正则表达:什么都是无中生有?

时间:2021-08-07 20:25:30

So * by itself means repeat the previous item zero or more times. The output of * is nothing. What about **? This gives an output, but how does matching zero or more times of nothing give something? Could you also explain that please? Same for ?*: Nothing precedes ?, so that is nothing right? How does matching zero or more times of nothing give something?

因此*本身意味着重复前一项零次或多次。 *的输出没什么。关于什么 **?这给出了一个输出,但匹配零次或多次没有给出什么东西?你能解释一下吗?同样的?*:什么都没有?,所以这是不对的?如何匹配零次或多次没有任何东西?

mugbear:~# grep '*' emptyspace                                                  
mugbear:~# grep '**' emptyspace                                                 
line1
line2

line4
line5

line7
mugbear:~# grep '?' emptyspace
mugbear:~# grep '?*' emptyspace                                         
line1
line2

line4
line5

line7

3 个解决方案

#1


2  

A leading * is generally not magic because of its context

You are asking questions with answers that are not fully specified and as such are almost certain to depend on the specific RE implementation.

您提出的问题的答案并未完全指定,因此几乎肯定会依赖于具体的RE实施。

For that matter, there isn't even anything close to a single standard RE, and the variations are not slightly different interpretations but dramatically different pattern definitions.

就此而言,甚至没有任何接近单一标准RE的变化,并且变化不是略有不同的解释,而是显着不同的模式定义。

At first, there was classic grep / sed / ed / awk. A considerably expanded set of patterns eventually appeared and was made popular by Perl and other languages.

起初,有经典的grep / sed / ed / awk。最终出现了一组相当扩展的模式,并被Perl和其他语言所广泛使用。

Some of these implementations attempt to notice when a character could not be magic due to its position.

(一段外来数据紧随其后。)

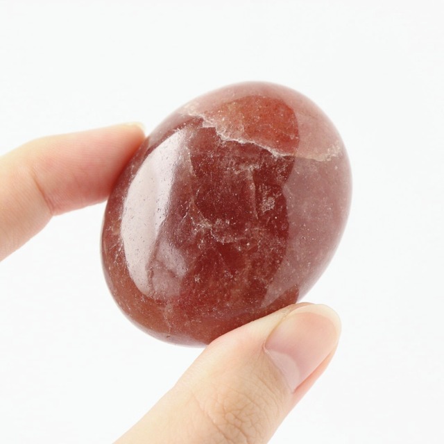 苺ジャムのような落ち着いたピンクカラーの、アフリカンストロベリークォーツの握り石。 透明感のある不思議なレッドピンクの結晶と、内包されたラメのようなきらめきが可愛らしいピースです。 ストロベリークォーツは水晶の一種で、いちごのようなカラーリングが可愛らしい天然石。 こちらは通常のストロベリークォーツよりもグレイッシュで落ち着きのあるカラーリングの アフリカンストロベリークォーツ。 ストロベリークォーツとは内包している鉱物が異なり、苺ジャムのようなカラーが特徴です。 きらきらとした鱗のようなきらめきも内包した、可愛らしい握り石をお楽しみください。 サイズ:5.1×4.0×2.4cm 重さ:71.1g
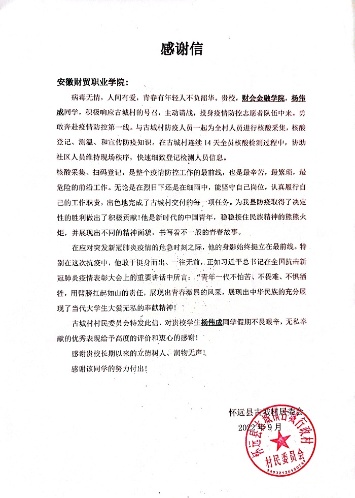 9月5日,财会金融学院收到怀远县古城村居委会感谢信,感谢金管2102班杨伟成同学在新冠疫情防控中所做出的积极贡献。
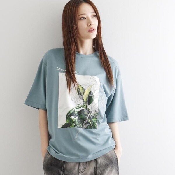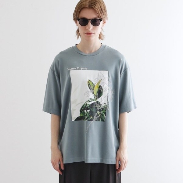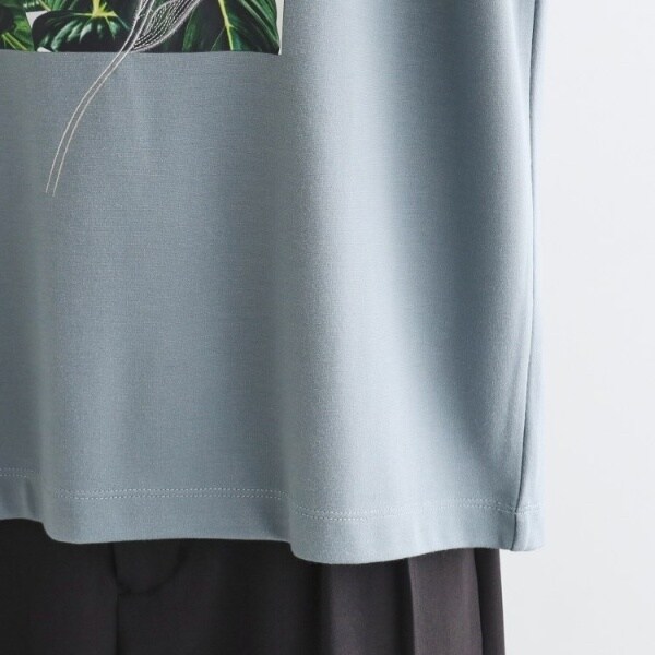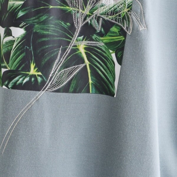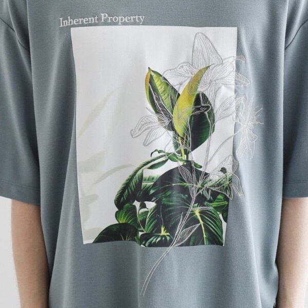 リーフ柄をプリントと刺繍で表現したオーバーサイズTシャツ。
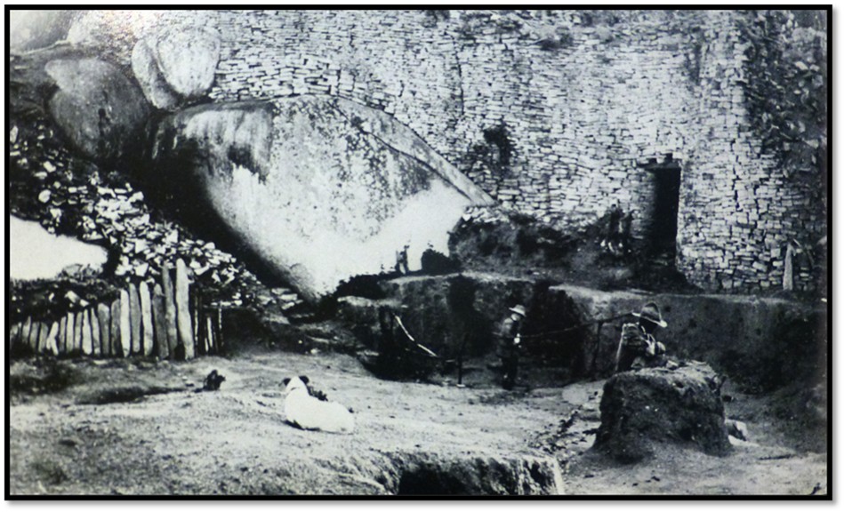 Karl Mauch describes the inhabitants as ‘Balosse’ but probably meant Rozwi.[1] After them tribal conflict brought other changes but in 1890 when the Pioneer Column arrived Great Zimbabwe was held by Duma under sub-chief Mugabe who had previously paid tribute to the Rozwi. In 1892 when Sir John Willoughby started his amateur excavations there was still disputes between the local tribes as to who ‘owned’ the site.
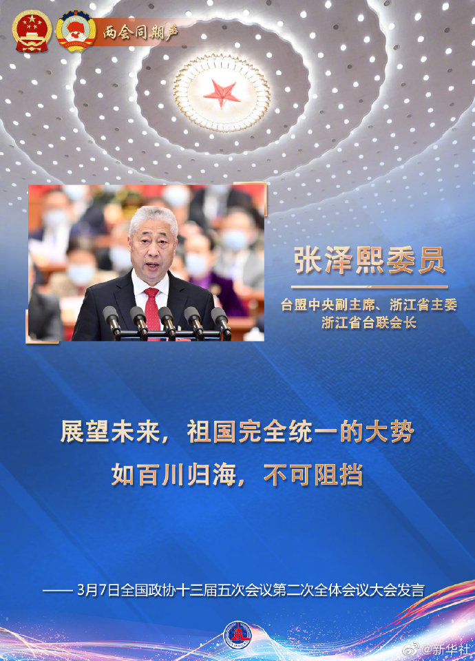 張澤熙委員:展望未來,祖國完全統一的大勢如百川歸海,不可阻擋
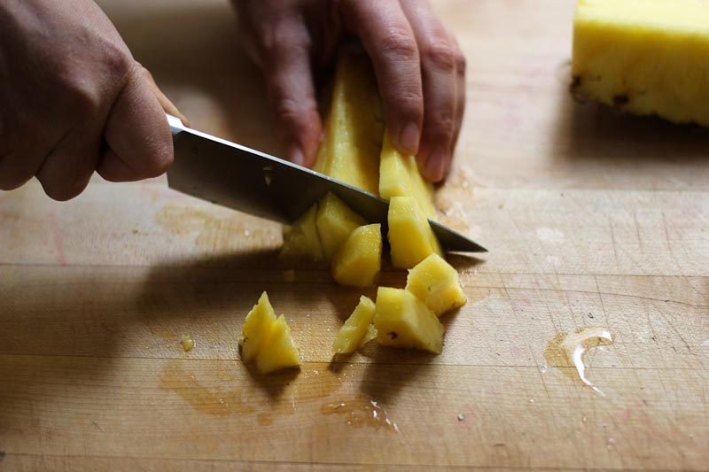If you have some indentations with the skin still in them (eyes) in your pineapple, that’s okay. This is edible, but not a nice texture to chew. You can carefully cut these pieces out with a smaller knife or chop them off after the next step.
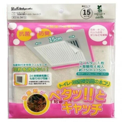 トイレ浴室換気扇フィルター ペタッとキャッチ 15cm用 SE316-5W15
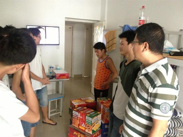 8月26日,十大电竞博彩排名 总支书记方乐平率电子竞技博彩 姜锐、周晨、瞿建武、林礼区等老师一行驱车至我校国家级校外实践教育基地-合兴集团慰问在暑假期间进行企业实习的学生,并给同学们带去了方便面、牛奶等慰问品。在合兴集团人力资源部的安排下,老师们与实习同学进行了座谈。合兴集团人力资源部马双兵经理就企业实习的相关内容和安排给同学们进行了说明和解释;同学们也纷纷发言,介绍自己的实习体会和收获,并对实习工种和时间安排提出一些有益的意见,大家均表示对企业的实习环境和后勤保障非常满意。
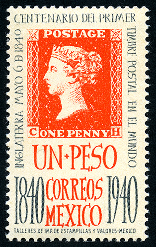 Para más información favor de dirigirse a biblioteca@mufi.org.mx No. Scott: 757 -- Año de Emisión: 1940 -- Valor facial: Un Peso -- Variedad de color: Gris y Bermellón -- Perforación: 14 -- Tipo de impresión: Grabado Timbre Postal Mexicano en colores gris y bermellón, en la imagen se observa el perfíl de la Reina Victoria de Inglaterra, en el contorno del timbre aparece escrito "INGLATERRA MAYO 6 DE 1840", "CENTENARIO DEL PRIMER TIMBRE POSTAL EN EL MUNDO", en la parte inferior el valor facial de " UN PESO" y "CORREOS MEXICO"
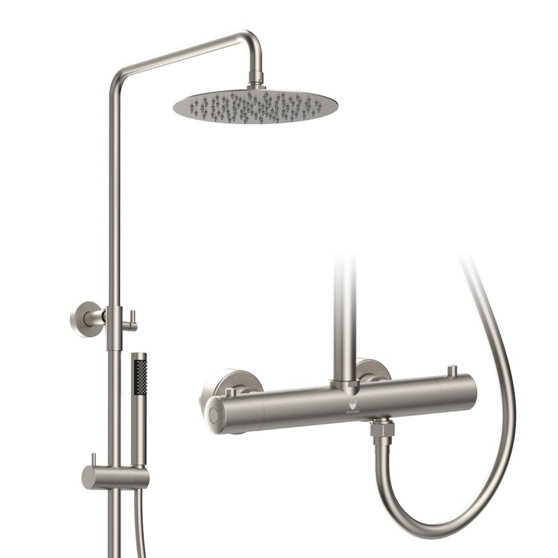 This HIMARK shower column features a thermostatic valve for precise temperature control, along with 2 shower functions for a luxurious and personalized shower experience. The exposed design makes it easy to install and adds a modern touch to any bathroom.
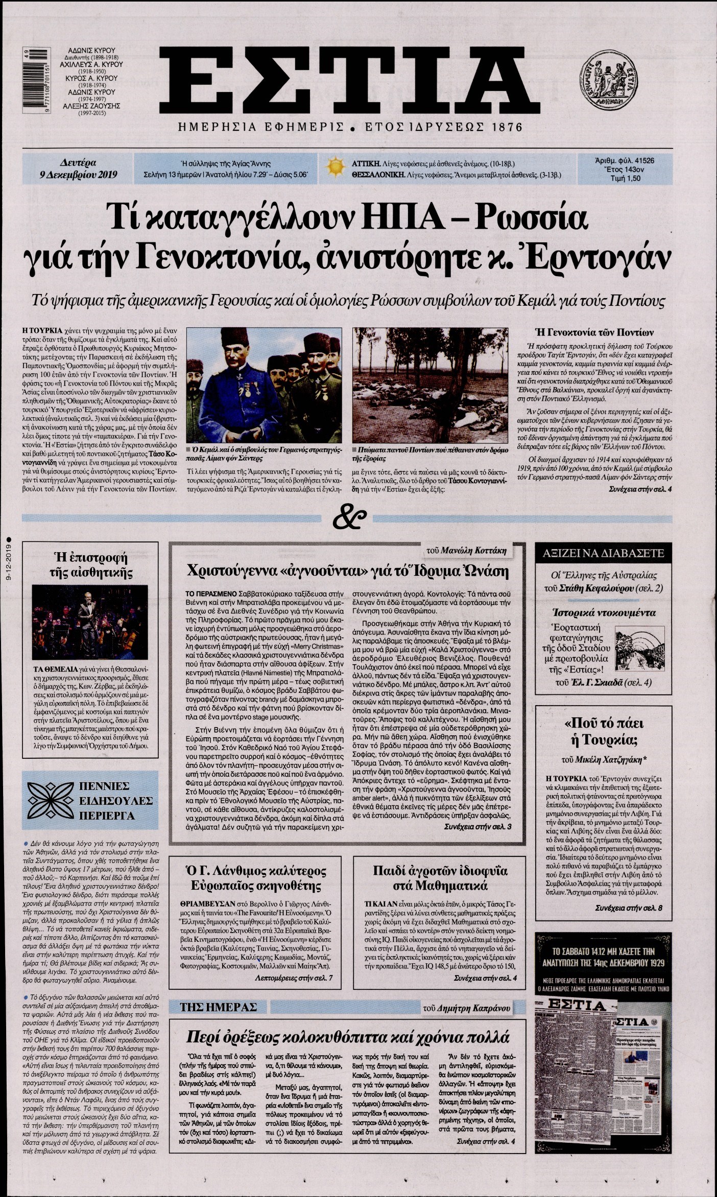 Οι πολιτικές εφημερίδες 9/12/2019 Κώστας Τεό 06:30, Δευτέρα 09 Δεκεμβρίου 2019 Media Διαβάστε τα πρωτοσέλιδα των πολιτικών εφημερίδων: ΠΟΛΙΤΙΚΕΣ ΕΦΗΜΕΡΙΔΕΣ ΠΡΩΤΟΣΕΛΙΔΑ Μοιράσου το: σχολίασε κι εσύ (0 σχόλια) Ακολουθήστε το enikos.gr στο Google News και μάθετε πρώτοι όλες τις ειδήσεις Δείτε όλες τις τελευταίες ειδήσεις από την Ελλάδα και τον Κόσμο στο enikos.gr Ειδήσεις Ροή Ειδήσεων 4 ώρες πριν Υπόθεση Έπσταϊν: Το Υπουργείο Δικαιοσύνης δημοσιοποίησε μια σειρά από εξαιρετικά επεξεργασμένα αρχεία – «Λείπουν τα πιο σημαντικά έγγραφα», λένε οι Δημοκρατικοί 44 λεπτά πριν Γιορτές με μπλόκα για τους αγρότες: Ανοίγουν διόδια και μοιράζουν προϊόντα στους ταξιδιώτες 1 ώρα πριν Εξαφάνιση 33χρονου γιατρού στην Κρήτη: «Άναψα τα φώτα, τρόμαξε και άρχισε να τρέχει στα χωράφια» – Η τελευταία διαδρομή και η μαρτυρία «κλειδί» 3 ώρες πριν Ο «χάρτης» με τις αυξήσεις και τις φοροελαφρύνσεις του 2026 – Ποιοι και πόσα κερδίζουν 1 ώρα πριν Τα αρχεία του Έπσταϊν αποκαλύπτουν φωτογραφία του έκπτωτου πρίγκιπα Άντριου – Είναι ξαπλωμένος στην αγκαλιά 5 γυναικών 1 ώρα πριν Μία νέα «χρυσή» περίοδος αρχίζει για 3 ζώδια από σήμερα – «Μία αναπάντεχη ευκαιρία οδηγεί στην επιτυχία» 5 ώρες πριν Αυγά: Πόσα μπορείτε να τρώτε την ημέρα με ασφάλεια για μέγιστη πρόσληψη πρωτεΐνης 3 ώρες πριν Αρχαιολόγοι ανακάλυψαν σε χωράφι απεικόνιση 600 ετών ενός Αγίου – Τα στοιχεία που δείχνουν ότι μαρτύρησε 2 ώρες πριν Αγχώνεται για το χριστουγεννιάτικο δώρο που πήρε στην πλούσια σύντροφό του – «Φοβάμαι πως θα το βρει φθηνιάρικο, φοράει βραχιόλια Cartier» 9 λεπτά πριν Νέες ταυτότητες: Μεγάλη αναμονή για ραντεβού στην Αττική – Τέλος τα ταξίδια εκτός Ελλάδος από τον Αύγουστο για όσους δεν έχουν αλλάξει 17 λεπτά πριν Οι 7 φράσεις που δεν λένε ποτέ οι συναισθηματικά έξυπνοι άνθρωποι κατά τη διάρκεια ενός καβγά 21 λεπτά πριν Τηλεθέαση (19/12): Ανατροπές και πρωτιές στην πρωινή ζώνη 28 λεπτά πριν Πώς η κλιματική αλλαγή επηρεάζει εγκύους και βρέφη – Οι επιπτώσεις των υψηλών θερμοκρασιών 36 λεπτά πριν e-ΕΦΚΑ και ΔΥΠΑ: Οι πληρωμές από 22 έως 24 Δεκεμβρίου – Ποιοι θα δουν χρήματα στους λογαριασμούς τους ENIKOS NETWORK Είστε μόνιμα απρόσεκτοι; 3 σημάδια που δείχνουν ότι μπορεί να είναι σύμπτωμα πάθησης Πόσα κιλά παίρνουμε πραγματικά τα Χριστούγεννα, σύμφωνα με την επιστήμη – Πώς να το αποτρέψουμε; Επίδομα παιδιού: Τι αλλάζει από το 2026 – Το όφελος από τις φορολογικές ελαφρύνσεις Mega χριστουγεννιάτικη φορολοταρία: «Κλείδωσε» η ημερομηνία για την κλήρωση – Ερωτήσεις και απαντήσεις Χαρτογραφώντας το «σημείο χωρίς επιστροφή»: Για πρώτη φορά αποκαλύπτεται με λεπτομέρεια το ακανθώδες όριο της ατμόσφαιρας τ... Η Google καταργεί τη λειτουργία «dark web report» – Πώς θα μπορούν οι χρήστες να διαγράφουν τα δεδομένα τους περισσότερα 09:30 , Σάββατο 20 Δεκεμβρίου 2025 «Porto Leone: Στη γειτονιά με τα κόκκινα φανάρια» – Ο Χρόνης αποκαλύπτει στην Αλεξάνδρα το μυστικό για το παιδί της Λένας Η μεγάλη δραματική σειρά του Apha «Porto Leone: Στη γειτονιά με τα κόκκινα φανάρια» μας μεταφέ... 08:14 , Σάββατο 20 Δεκεμβρίου 2025 Τρομεροί γονείς: Η Μαρία Καβογιάννη εισβάλλει στο σπίτι της οικογένειας Στεφανίδη Όσα θα δούμε στο νέο διπλό επεισόδιο της σειράς «Τρομεροί γονείς», σήμερα Σάββατο 20 Δεκεμβρίο... 05:48 , Σάββατο 20 Δεκεμβρίου 2025 Οι οικονομικές εφημερίδες 20/12/2025 Διαβάστε τα πρωτοσέλιδα από τις οικονομικές εφημερίδες, σήμερα 20/12/2025. 05:43 , Σάββατο 20 Δεκεμβρίου 2025 Οι αθλητικές εφημερίδες 20/12/2025 Διαβάσ

这些实现中的一些尝试注意到角色由于其位置而不能是魔术的。

So, a plain * might search for an actual * and ** then for 0 or more * characters. (And every string has 0 or more...)

因此,普通*可能会搜索实际*和**然后搜索0或更多*字符。 (并且每个字符串都有0或更多...)


Note: Yes, there is a Posix standard but it has so little influence that it can be disregarded.

注意:是的,有一个Posix标准,但影响很小,可以忽略它。

#2


1  

Every string contains 0 or more repetitions of every other string.

每个字符串包含0或更多的每个其他字符串的重复。

#3


0  

? or * by themselves will do nothing as they have nothing to process. ** and ?* are bad form and should not be used. Anything that compile regex strings properly should error out when presented with either. Strict compilers will error with ? or * alone as well.

?或者*他们自己什么也不做,因为他们没有什么可以处理的。 **和?*是不好的形式,不应该使用。正确编译正则表达式字符串的任何内容都应该在出现时出错。严格的编译器会出错吗?或*也是一个人。

#1


2  

A leading * is generally not magic because of its context

You are asking questions with answers that are not fully specified and as such are almost certain to depend on the specific RE implementation.

您提出的问题的答案并未完全指定,因此几乎肯定会依赖于具体的RE实施。

For that matter, there isn't even anything close to a single standard RE, and the variations are not slightly different interpretations but dramatically different pattern definitions.

就此而言,甚至没有任何接近单一标准RE的变化,并且变化不是略有不同的解释,而是显着不同的模式定义。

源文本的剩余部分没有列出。